**WHAT YOU SHOULD DO:**
Go to the line holding "ရည်ညွှန်းလက်ကားဈေးနှုန်းများနှင့် ပြည်ထောင်စုနယ်မြေ နေပြည်တော်၊" in the data below and repeat it exactly, then each line after it up to and including the one holding "must notify any". Omit pictures.

**RECORDS FOR THIS TASK:**
%%

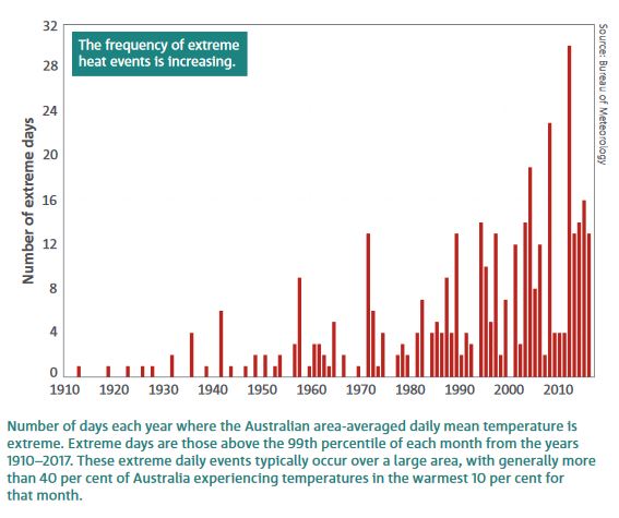 This step approach is important as to how we will experience climate change in the next century or so. We need to be mindful that significant risks can emerge from low-incidence, high-impact events, because there is much that we don’t know. The models give us smooth line projections, but we can be certain that the future will not conform to smooth curves. Also as responsible humans we need to take into account the longer term implications of our current actions now. As the surface temperature warms, other effects manifest themselves, such as from the CSIRO/BOM State of the Climate 2018 report, an increase in extreme heat events:
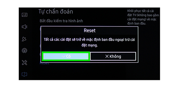 Bước 6: Khi hiện thông báo xác nhận, chọn Có để thực hiện Reset Tivi. Ngược lại, chọn Không.
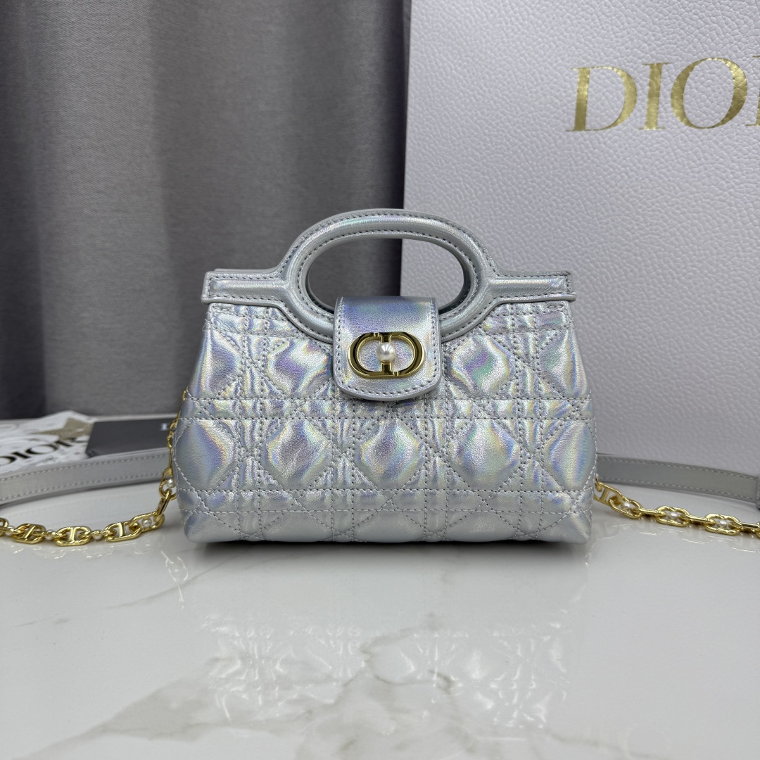 Dior Jolie Silver Lambskin Top Handle Mini Chain Bag with CD Signature
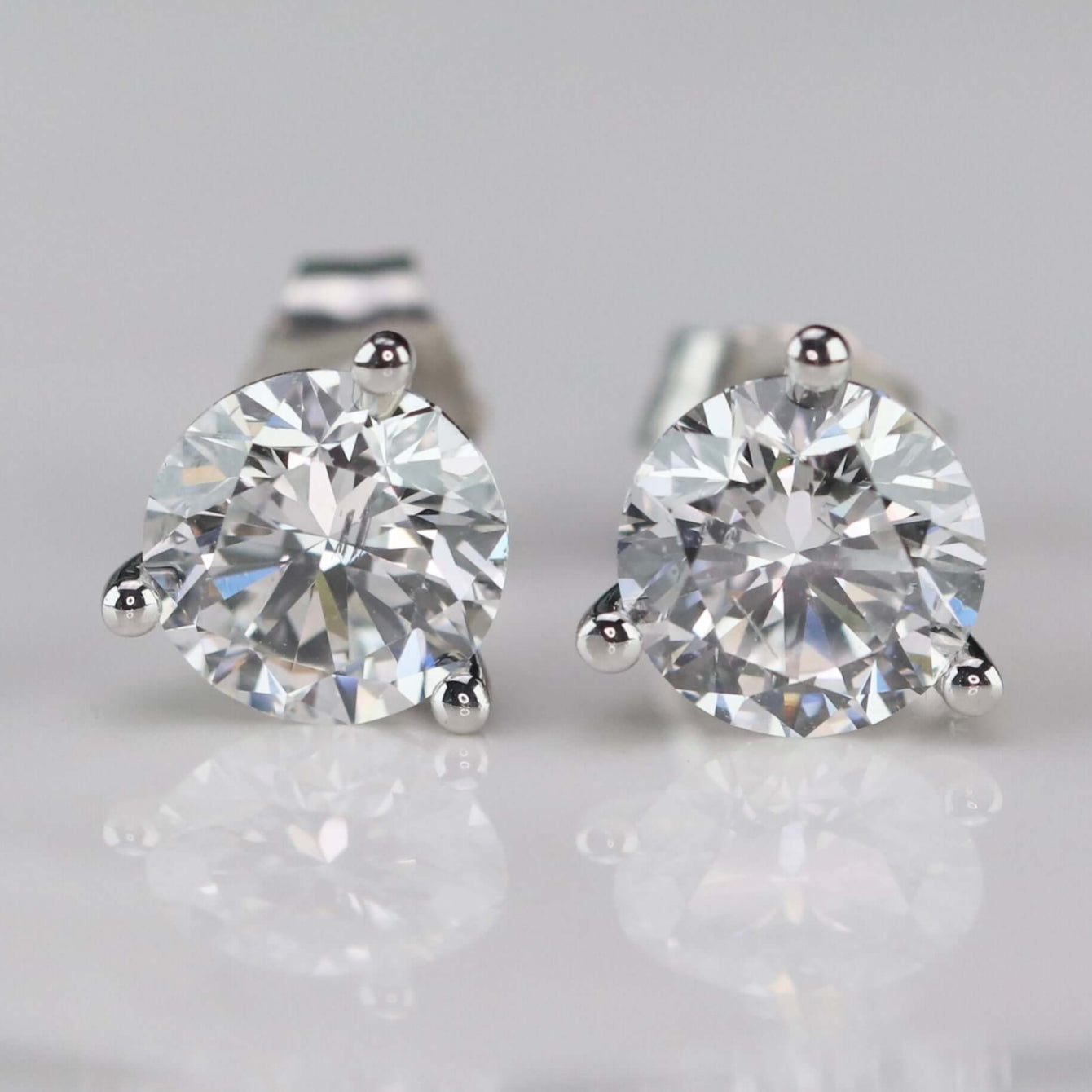 1ctw lab grown diamond studs in your choice of martini (may be 3 or 4 prong depending on availability) or 4 prong standard basket setting (this style may have screwbacks) in 14k white or yellow gold.  Diamond weight is approx 1ctw F-G color, minimum of SI clarity.   New and unworn.
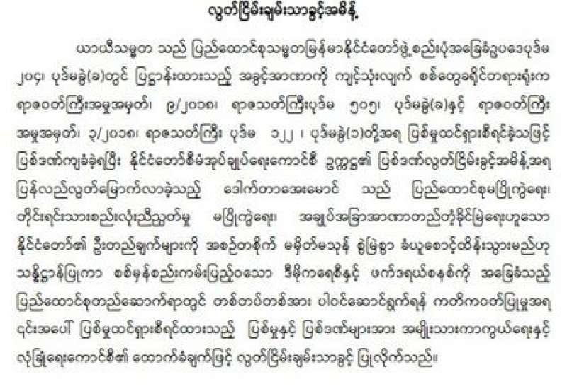 ရန်ကုန်မြို့နှင့် မန္တလေးမြို့အတွက် ရည်ညွှန်းလက်ကားဈေးနှုန်းများနှင့် ပြည်ထောင်စုနယ်မြေ နေပြည်တော်၊ တိုင်းဒေသကြီး/ပြည်နယ် မြို့တော်များအတွက် ရည်ညွှန်းလက်လီဈေးနှုန်းများ
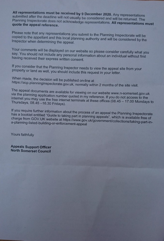 "You must notify any person who was notified or consulted about the application in accordance with the Act ... If they want to make any additional comments they must submit 3 copies within 5 weeks of the starting date, by 09 December 2020. If comments are submitted after the deadline, the Inspector will not normally look at them and they will be returned" (PDF)
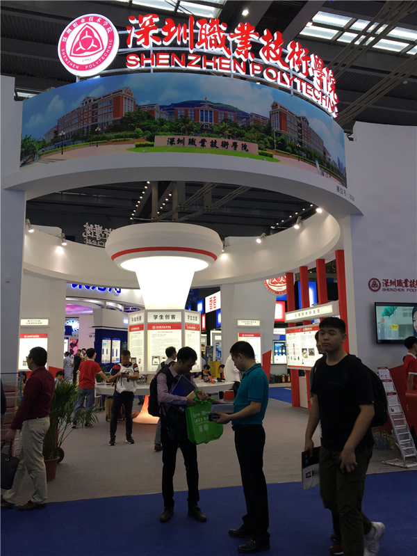 与以往不同,今年深职院在高交会展台正中央还专门开辟空间为我校的学生创客项目提供了一个展示自我的舞台。智能空气检测器、智能陪伴机器人、手机无线充电装置、智能会议嘉宾桌牌、同桌一体机、基于ARM平台的智能家居中控设备……这六件充满“深职创客”元素的优秀学生创客作品,一经展出,就收获了不少观众的目光。
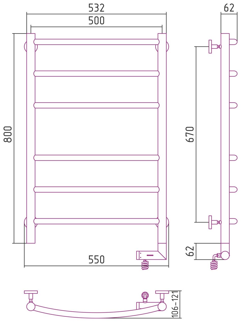 Полотенцесушитель электрический Сунержа Галант 2.0 800х500 с блоком управления справа, 00-5201-8050

%%

**WRITTEN SOLUTION:**
 ရန်ကုန်မြို့နှင့် မန္တလေးမြို့အတွက် ရည်ညွှန်းလက်ကားဈေးနှုန်းများနှင့် ပြည်ထောင်စုနယ်မြေ နေပြည်တော်၊ တိုင်းဒေသကြီး/ပြည်နယ် မြို့တော်များအတွက် ရည်ညွှန်းလက်လီဈေးနှုန်းများ
 "You must notify any person who was notified or consulted about the application in accordance with the Act ... If they want to make any additional comments they must submit 3 copies within 5 weeks of the starting date, by 09 December 2020. If comments are submitted after the deadline, the Inspector will not normally look at them and they will be returned" (PDF)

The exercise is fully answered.